The researchers mathematically proved that the importance of individual model states changes smoothly during training, using Weyl’s theorem, and empirically showed that the relative rankings of these states remain stable. Together, these findings provide practitioners with confidence that dimensions initially identified as unimportant will not suddenly become critical later.
This method also provides pragmatic security. If a compression step causes an unexpected drop in performance, practitioners can revert to a previously recorded checkpoint. “It gives people control over how much they are willing to pay for performance, rather than having to define a less intuitive threshold for energy use,” Chahine explains.
This technique has some practical limits. CompreSSM performs best on models that exhibit a sturdy correlation between the internal state dimension and overall performance, a property that varies across tasks and architectures. The method is particularly effective in multiple-input multiple-output (MIMO) models, where the relationship between state size and expression is strongest. For per-channel, single-input, single-output architectures, the gains are more modest because these models are less sensitive to changes in state dimensions in the first place.
The theory is best applied to linear time-invariant systems, although the team has developed extensions for the increasingly popular input-dependent and time-varying architectures.

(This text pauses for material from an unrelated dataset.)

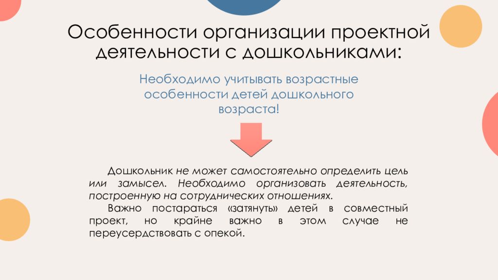 Необходимо учитывать возрастные особенности детей дошкольного возраста! Дошкольник не может самостоятельно определить цель или замысел. Необходимо организовать деятельность, построенную на сотруднических отношениях. Важно постараться «затянуть» детей в совместный проект, но крайне важно в этом случае не переусердствовать с опекой.
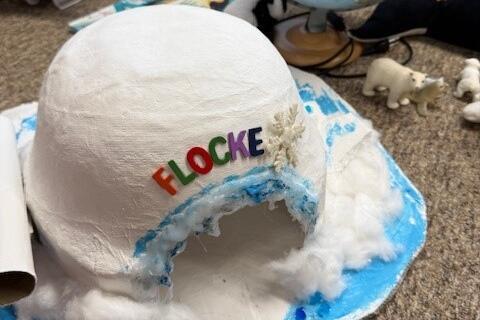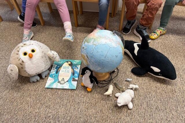 Darin war gleich oben ein Brief von Ila, einem Mädchen, welches im Norden lebt. Sie möchte den Kindern zeigen, wie schön ihre Heimat ist. Als die Kinder weiter schauten, entdeckten sie ein Kuscheltier. Ila hat unseren Kindern ihren Freund Flocke mit seiner Höhle mit ins Paket gelegt. Flocke begleitet nun die Gruppe durch das Projekt und ist das Maskottchen. Er wohnt in seiner kuscheligen Eishöhle natürlich mit im Gruppenzimmer bei den Kindern. Ila schreibt den Kindern immer wieder Briefe mit verschiedenen Aufgaben, die die Wackelzähne mit Spaß und Begeisterung erledigen. So erfahren sie viel über den Nordpol und über die Tiere, die dort leben. In Phantasiereisen begegnen sie einer Welt aus Eis und Schnee und lernen die geheimnisvollen und bunten Polarlichter kennen und sie gestalten ihre eigenen Polarlichter. Die Wackelzähne haben ihren Flocke als Wegbegleiter lieb gewonnen und werden auch im nächsten Monat noch schöne Erlebnisse mit Flocke haben.

And as the family of state space models extends to architectures such as linear attention, which is a growing area of interest as an alternative to established transformers, the potential scope of application is wide.
Chahine and his colleagues see this work as a stepping stone. The team has already demonstrated extension to linear time-varying systems such as Mamba, and future directions include further pushing CompreSSM toward matrix-valued active systems used in linear attention mechanisms, which will bring the technique closer to the transformer architectures that underpin most of today’s largest AI systems.
“This had to be the first step because in this case the theory is clear and the approach can remain principled,” says Chahine. “It’s a springboard that allows us to then extend this technology to other architectures that people use in industry today.”
“The work of Chahine and his colleagues provides an intriguing, theoretically grounded perspective on the compression of modern state space models (SSM),” says Antonio Orvieto, principal investigator of the ELLIS Institute in Tübingen and leader of the independent group MPI for Smart Systems, who was not involved in the research. “This method provides evidence that the state dimension of these models can be effectively reduced during training and that a control theory perspective can successfully guide this procedure. The work opens new avenues for future research, and the proposed algorithm may become a standard approach when pretraining large SSM-based models.”
A work that has been accepted as conference paper at the 2026 International Conference on Learning Representations, will be presented later this month. The project was partially supported by the ETH Center. Max Planck, the Hector Foundation, Boeing and the United States Office of Naval Research.